## [Exercise requirements]
Restate word for word only the lines from the one with "Grease your baking" through the end of the records; no pictures belong in the copy.

## [Entries shown]
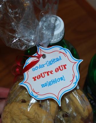 I thought that it would be a great gift for the new neighbors. I wonder why I didn't think of that before! I have used the same saying for teachers. I pulled up the site ~after I bought the soda and made the cookies ~ to find out that it costs $5 for the tags. Well, I'm cheap enough that I made my own. They are nearly as pretty as hers, but they are free. I also changed up the colors so they didn't look like they were intended for Christmas:
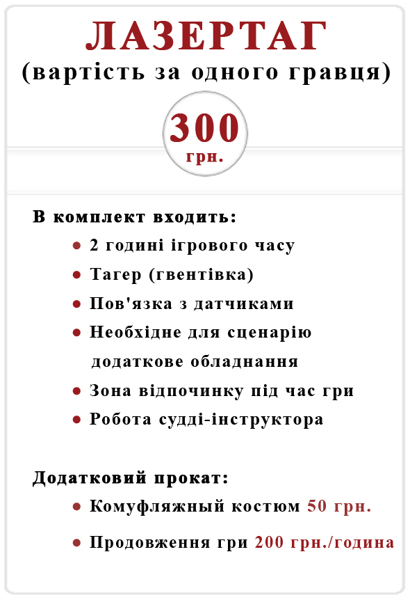 Розвага підходить для гравців від 6 років, кількість учасників — від 2 до 20 осіб. Загальна тривалість — до 3 годин, що гарантує повне занурення і масу позитивних емоцій.
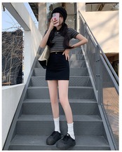 軽やかなミニ丈で夏のカジュアルコーデにぴったり。
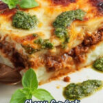 Grease your baking dish, press the rice mixture evenly on the base, then spoon over the bolognese sauce, spreading it to the edges. Pour over the bechamel sauce, smooth the top, and sprinkle the remaining cheese. Bake at 180°C (360°F fan) for 30 minutes until golden and bubbling. Let it cool a bit before adding fresh basil and pesto for that vibrant finish.
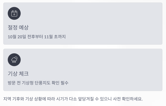 지역 기후와 기상 상황에 따라 다소 앞당겨질 수 있으니, 방문 전 기상청 단풍지도 체크는 필수입니다.
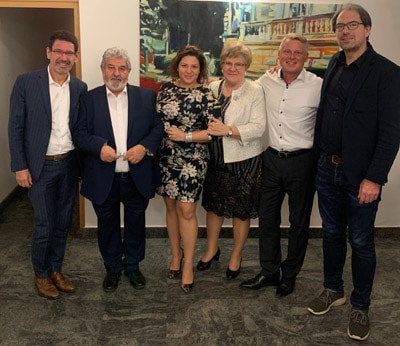 (V.l.n.r.): Dr. Michael Faller (Faller Packaging), Dr. János Karancsi, Dr. Lila Karancsi, Dr. Erika Karancsi (Pharma Print), Dr. Marcus Szukalski (Faller Packaging), Tilmann Wild (Faller Packaging) (Quelle: August Faller GmbH & Co. KG)

## [Problem solution]
 Grease your baking dish, press the rice mixture evenly on the base, then spoon over the bolognese sauce, spreading it to the edges. Pour over the bechamel sauce, smooth the top, and sprinkle the remaining cheese. Bake at 180°C (360°F fan) for 30 minutes until golden and bubbling. Let it cool a bit before adding fresh basil and pesto for that vibrant finish.
 지역 기후와 기상 상황에 따라 다소 앞당겨질 수 있으니, 방문 전 기상청 단풍지도 체크는 필수입니다.
 (V.l.n.r.): Dr. Michael Faller (Faller Packaging), Dr. János Karancsi, Dr. Lila Karancsi, Dr. Erika Karancsi (Pharma Print), Dr. Marcus Szukalski (Faller Packaging), Tilmann Wild (Faller Packaging) (Quelle: August Faller GmbH & Co. KG)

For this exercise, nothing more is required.